(Exercise)
Could you repeat the records below exactly, leaving out any pictures?

(Records)
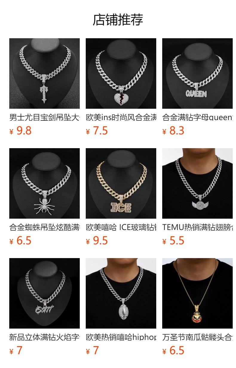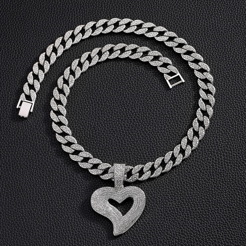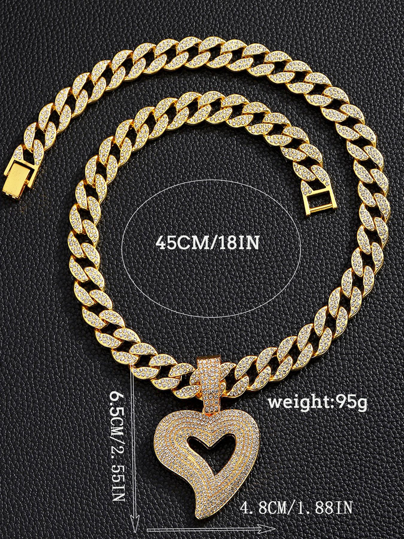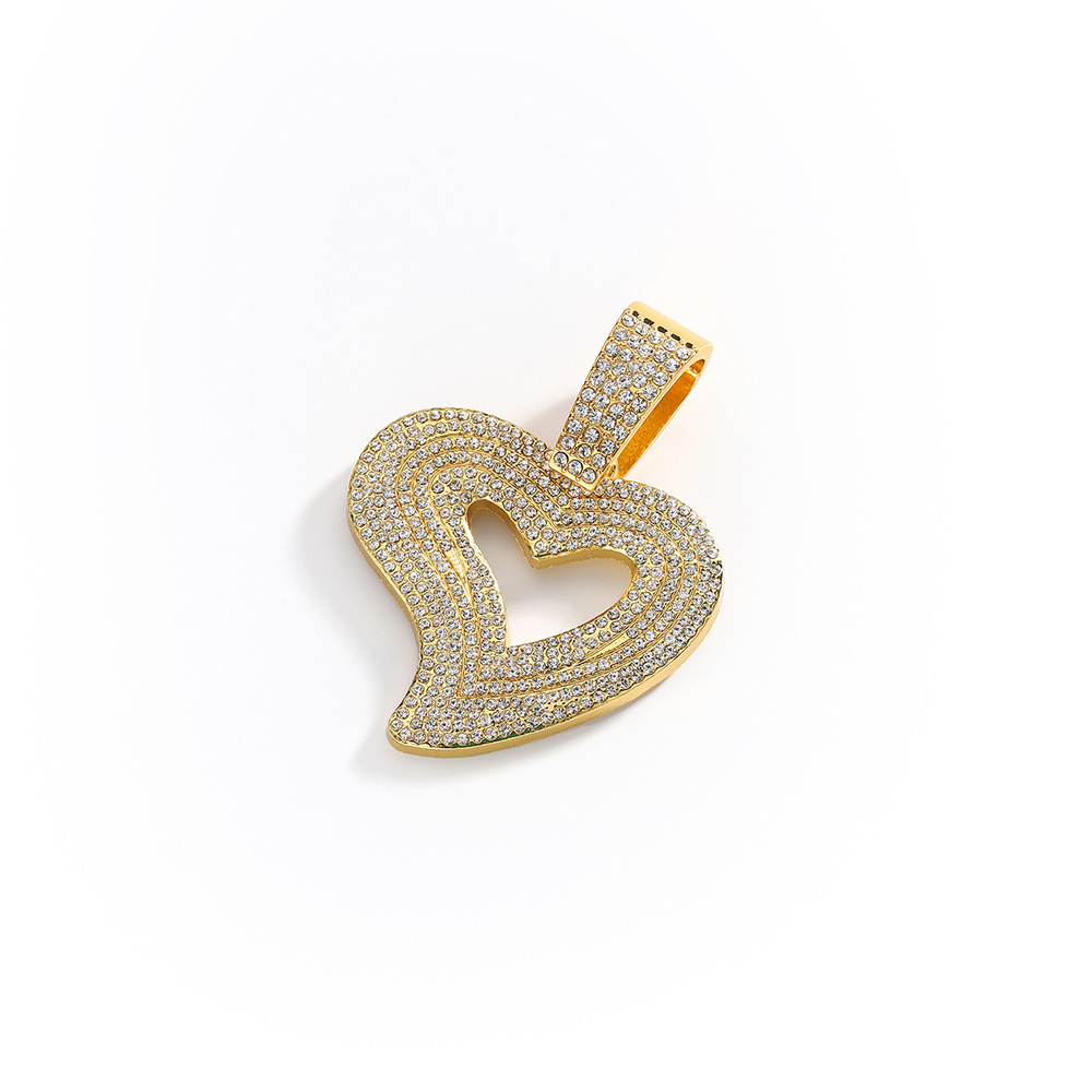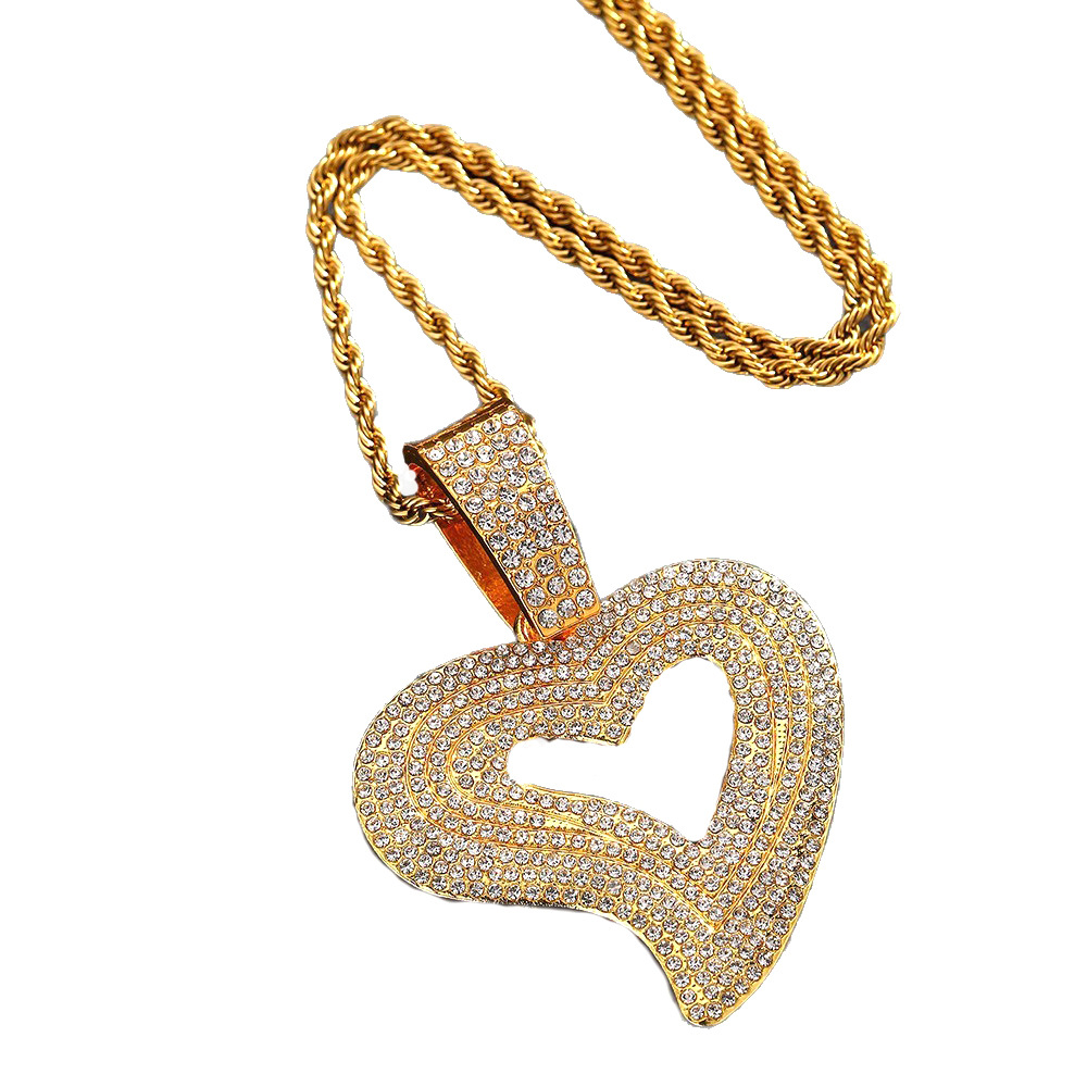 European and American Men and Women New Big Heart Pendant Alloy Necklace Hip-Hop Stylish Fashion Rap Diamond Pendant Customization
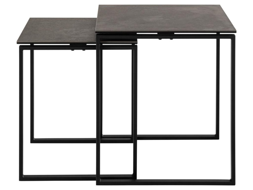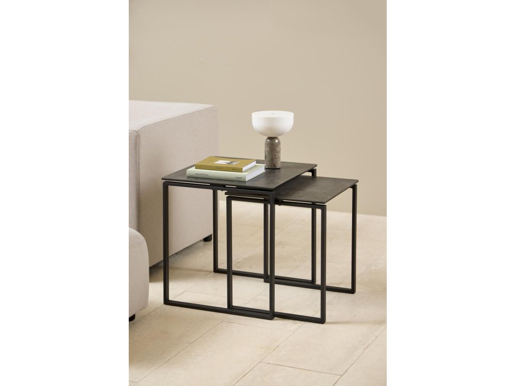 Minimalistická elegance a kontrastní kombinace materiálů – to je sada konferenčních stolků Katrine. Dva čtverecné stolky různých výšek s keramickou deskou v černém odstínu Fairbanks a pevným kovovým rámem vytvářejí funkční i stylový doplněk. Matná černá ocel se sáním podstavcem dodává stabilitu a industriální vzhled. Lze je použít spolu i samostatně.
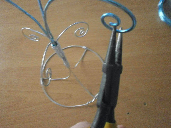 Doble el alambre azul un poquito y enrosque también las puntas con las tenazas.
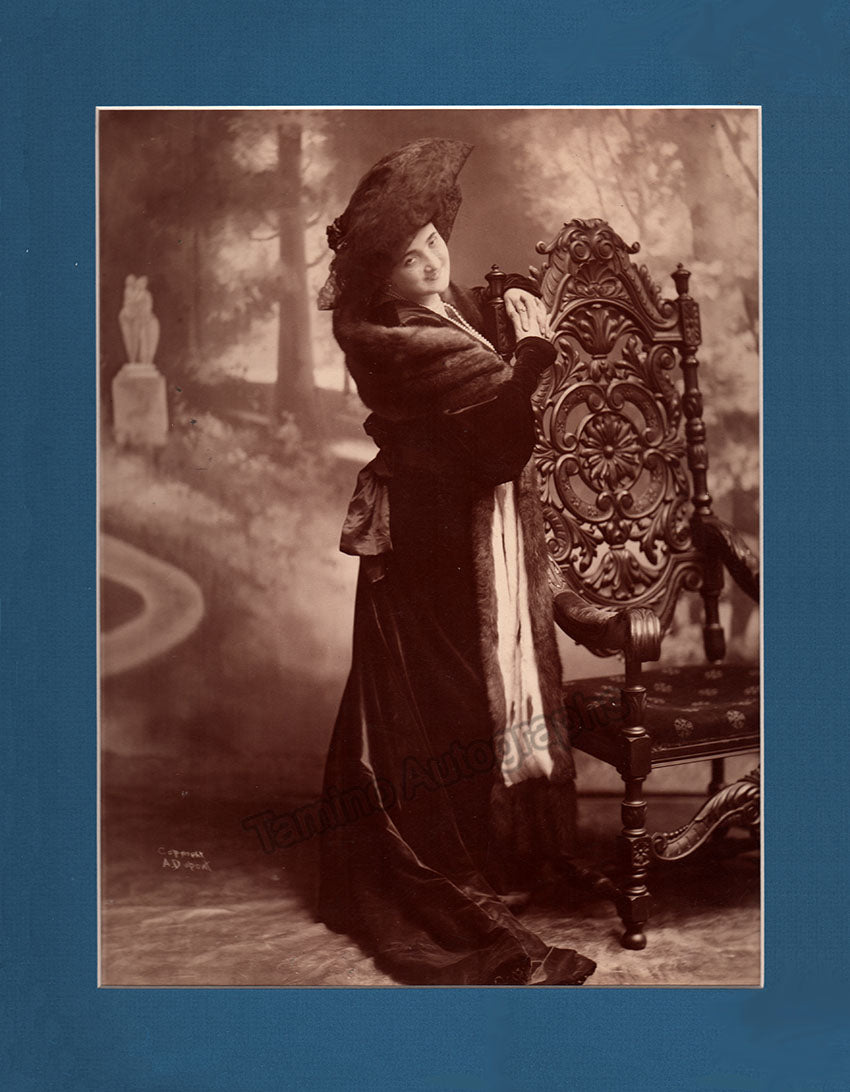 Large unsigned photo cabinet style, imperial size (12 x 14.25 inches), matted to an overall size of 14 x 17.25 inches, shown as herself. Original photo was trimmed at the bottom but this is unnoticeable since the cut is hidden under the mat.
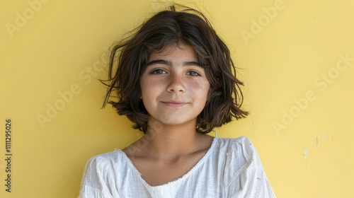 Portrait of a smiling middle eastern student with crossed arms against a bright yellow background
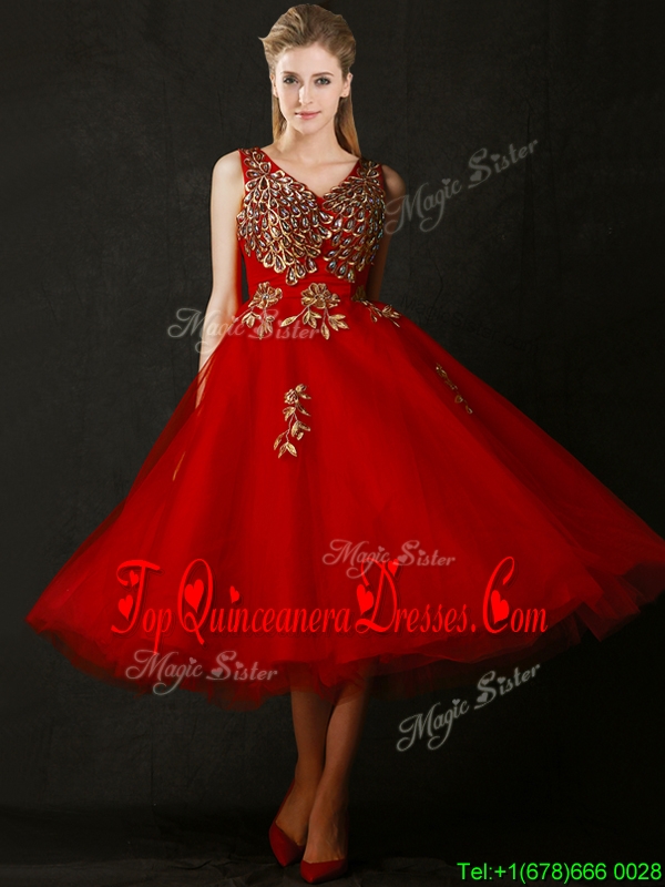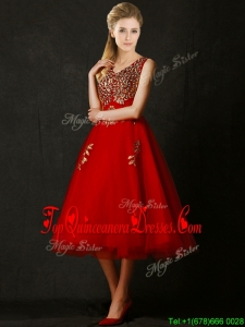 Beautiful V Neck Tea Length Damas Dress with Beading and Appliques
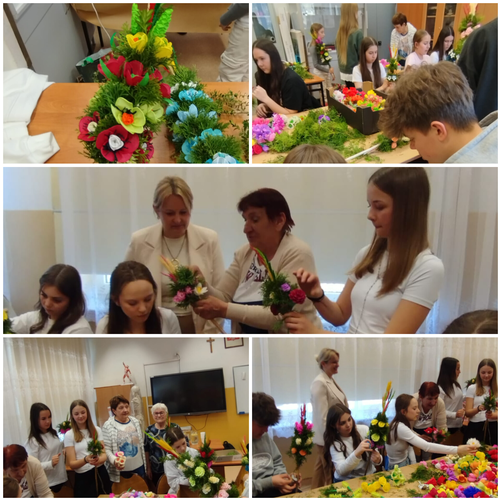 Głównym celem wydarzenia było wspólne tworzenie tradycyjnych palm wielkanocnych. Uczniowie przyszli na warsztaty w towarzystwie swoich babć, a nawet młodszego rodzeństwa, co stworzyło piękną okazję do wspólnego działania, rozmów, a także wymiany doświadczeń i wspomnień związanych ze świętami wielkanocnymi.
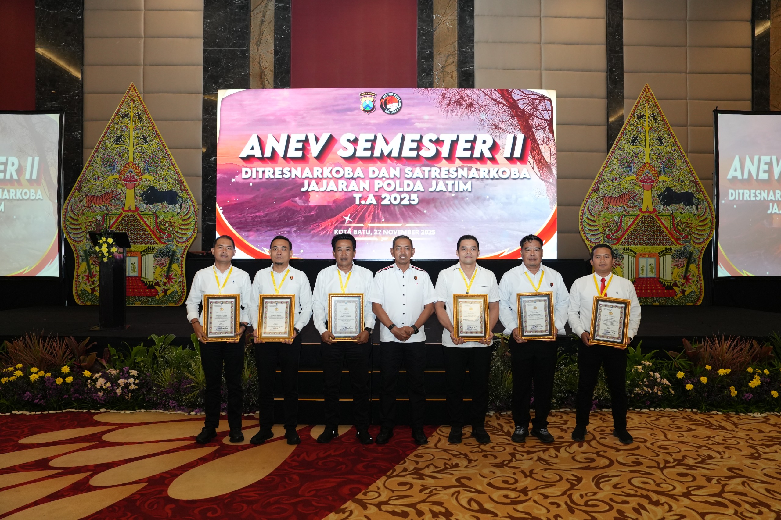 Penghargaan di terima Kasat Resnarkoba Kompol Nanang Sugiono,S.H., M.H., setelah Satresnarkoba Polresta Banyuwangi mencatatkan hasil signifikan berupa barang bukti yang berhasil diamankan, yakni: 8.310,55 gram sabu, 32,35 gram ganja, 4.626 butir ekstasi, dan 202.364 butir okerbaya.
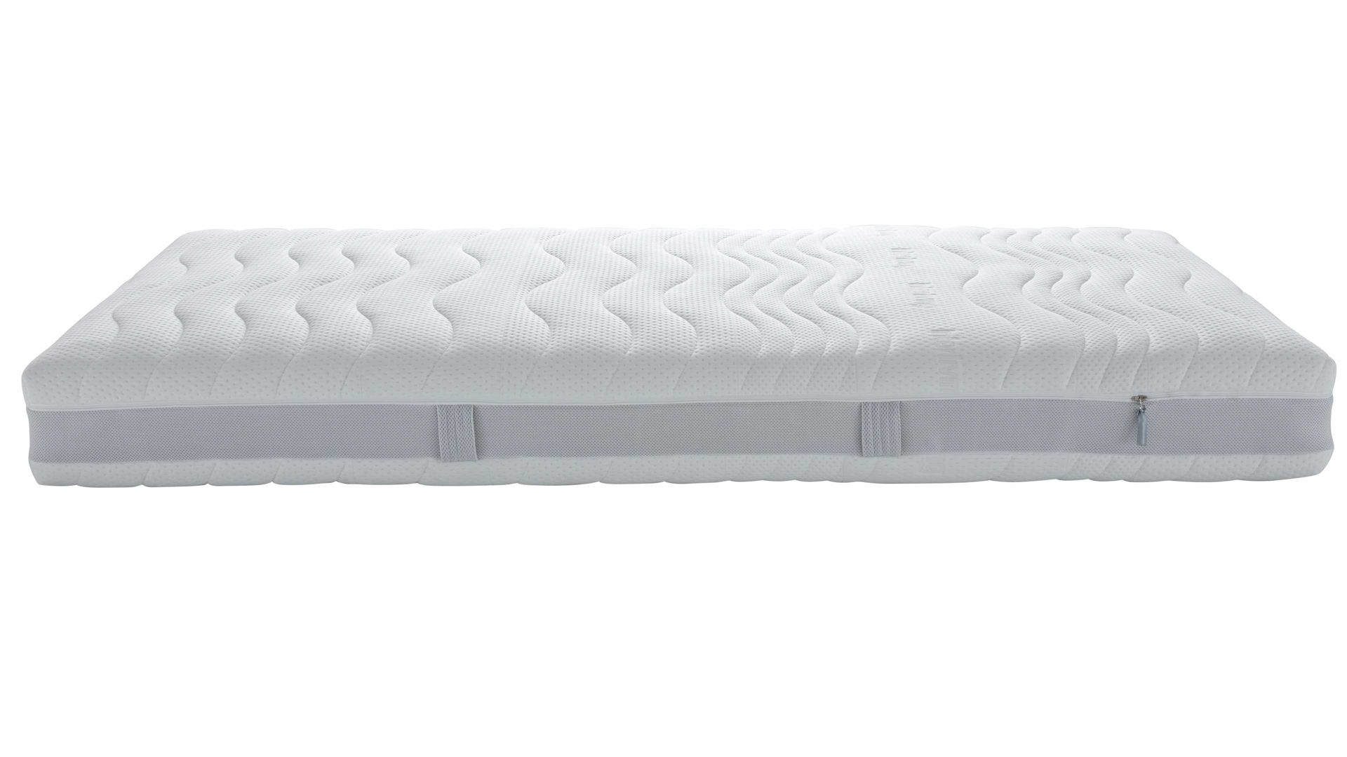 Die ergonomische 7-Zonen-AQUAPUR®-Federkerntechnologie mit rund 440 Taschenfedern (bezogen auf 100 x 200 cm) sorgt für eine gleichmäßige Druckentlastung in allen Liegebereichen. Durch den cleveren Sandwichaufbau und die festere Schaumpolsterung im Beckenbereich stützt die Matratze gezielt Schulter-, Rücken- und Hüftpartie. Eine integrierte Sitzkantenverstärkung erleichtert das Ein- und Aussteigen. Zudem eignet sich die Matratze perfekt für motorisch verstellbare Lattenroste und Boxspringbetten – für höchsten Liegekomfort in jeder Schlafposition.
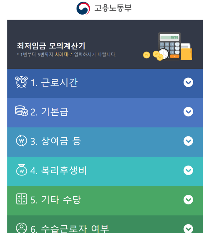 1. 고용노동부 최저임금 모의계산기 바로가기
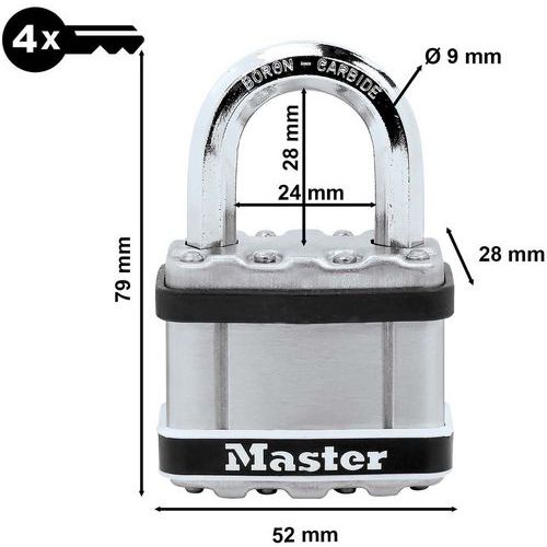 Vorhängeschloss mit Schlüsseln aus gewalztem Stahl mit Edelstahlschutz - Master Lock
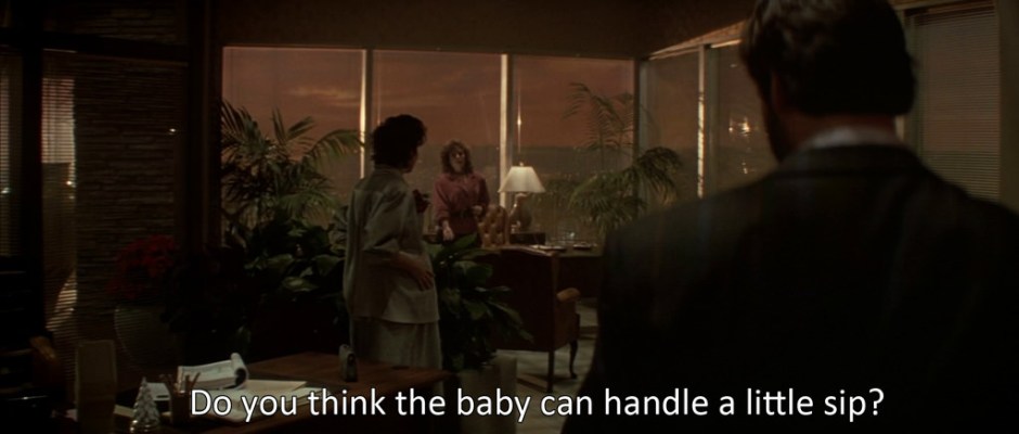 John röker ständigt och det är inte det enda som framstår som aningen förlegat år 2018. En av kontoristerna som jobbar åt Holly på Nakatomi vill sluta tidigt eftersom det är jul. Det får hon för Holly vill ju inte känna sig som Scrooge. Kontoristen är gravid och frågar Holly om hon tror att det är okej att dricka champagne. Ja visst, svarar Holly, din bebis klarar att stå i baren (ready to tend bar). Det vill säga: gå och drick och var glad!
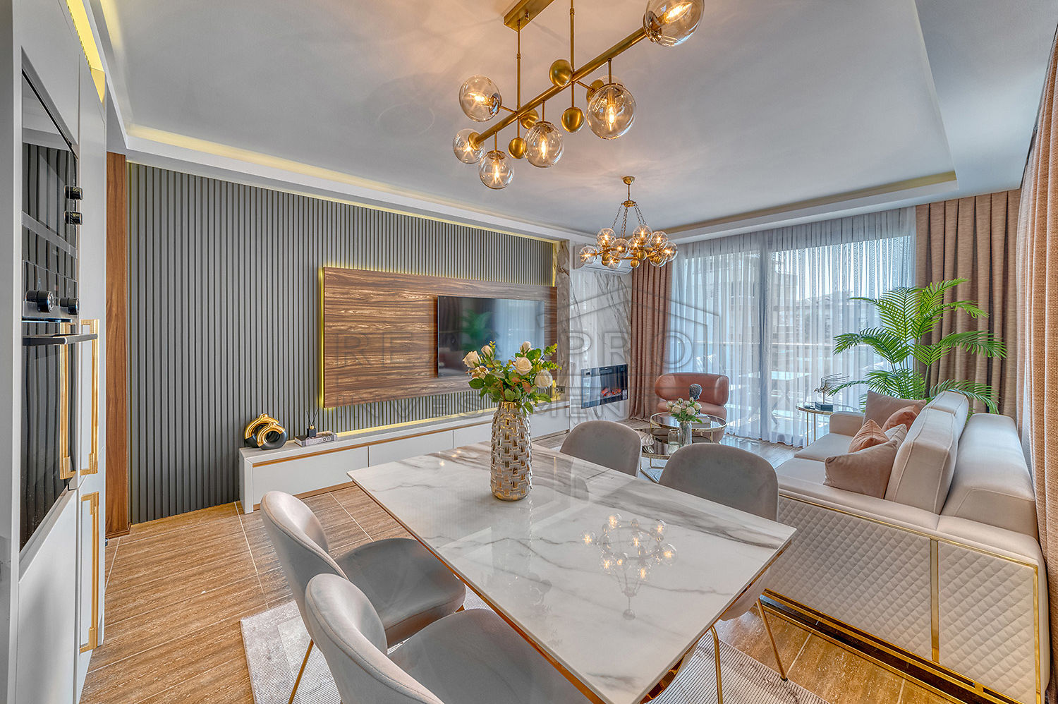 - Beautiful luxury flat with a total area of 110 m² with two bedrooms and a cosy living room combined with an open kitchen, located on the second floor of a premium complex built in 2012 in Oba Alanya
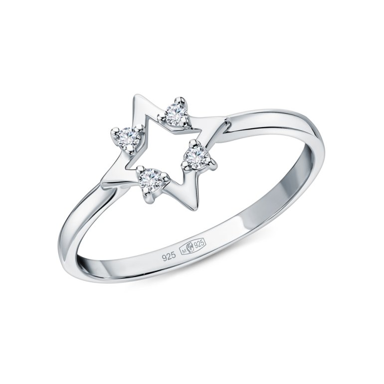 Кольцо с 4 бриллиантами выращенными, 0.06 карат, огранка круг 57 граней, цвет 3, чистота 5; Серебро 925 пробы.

(Solution)
 European and American Men and Women New Big Heart Pendant Alloy Necklace Hip-Hop Stylish Fashion Rap Diamond Pendant Customization
 Minimalistická elegance a kontrastní kombinace materiálů – to je sada konferenčních stolků Katrine. Dva čtverecné stolky různých výšek s keramickou deskou v černém odstínu Fairbanks a pevným kovovým rámem vytvářejí funkční i stylový doplněk. Matná černá ocel se sáním podstavcem dodává stabilitu a industriální vzhled. Lze je použít spolu i samostatně.
 Doble el alambre azul un poquito y enrosque también las puntas con las tenazas.
 Large unsigned photo cabinet style, imperial size (12 x 14.25 inches), matted to an overall size of 14 x 17.25 inches, shown as herself. Original photo was trimmed at the bottom but this is unnoticeable since the cut is hidden under the mat.
 Portrait of a smiling middle eastern student with crossed arms against a bright yellow background
 Beautiful V Neck Tea Length Damas Dress with Beading and Appliques
 Głównym celem wydarzenia było wspólne tworzenie tradycyjnych palm wielkanocnych. Uczniowie przyszli na warsztaty w towarzystwie swoich babć, a nawet młodszego rodzeństwa, co stworzyło piękną okazję do wspólnego działania, rozmów, a także wymiany doświadczeń i wspomnień związanych ze świętami wielkanocnymi.
 Penghargaan di terima Kasat Resnarkoba Kompol Nanang Sugiono,S.H., M.H., setelah Satresnarkoba Polresta Banyuwangi mencatatkan hasil signifikan berupa barang bukti yang berhasil diamankan, yakni: 8.310,55 gram sabu, 32,35 gram ganja, 4.626 butir ekstasi, dan 202.364 butir okerbaya.
 Die ergonomische 7-Zonen-AQUAPUR®-Federkerntechnologie mit rund 440 Taschenfedern (bezogen auf 100 x 200 cm) sorgt für eine gleichmäßige Druckentlastung in allen Liegebereichen. Durch den cleveren Sandwichaufbau und die festere Schaumpolsterung im Beckenbereich stützt die Matratze gezielt Schulter-, Rücken- und Hüftpartie. Eine integrierte Sitzkantenverstärkung erleichtert das Ein- und Aussteigen. Zudem eignet sich die Matratze perfekt für motorisch verstellbare Lattenroste und Boxspringbetten – für höchsten Liegekomfort in jeder Schlafposition.
 1. 고용노동부 최저임금 모의계산기 바로가기
 Vorhängeschloss mit Schlüsseln aus gewalztem Stahl mit Edelstahlschutz - Master Lock
 John röker ständigt och det är inte det enda som framstår som aningen förlegat år 2018. En av kontoristerna som jobbar åt Holly på Nakatomi vill sluta tidigt eftersom det är jul. Det får hon för Holly vill ju inte känna sig som Scrooge. Kontoristen är gravid och frågar Holly om hon tror att det är okej att dricka champagne. Ja visst, svarar Holly, din bebis klarar att stå i baren (ready to tend bar). Det vill säga: gå och drick och var glad!
 - Beautiful luxury flat with a total area of 110 m² with two bedrooms and a cosy living room combined with an open kitchen, located on the second floor of a premium complex built in 2012 in Oba Alanya
 Кольцо с 4 бриллиантами выращенными, 0.06 карат, огранка круг 57 граней, цвет 3, чистота 5; Серебро 925 пробы.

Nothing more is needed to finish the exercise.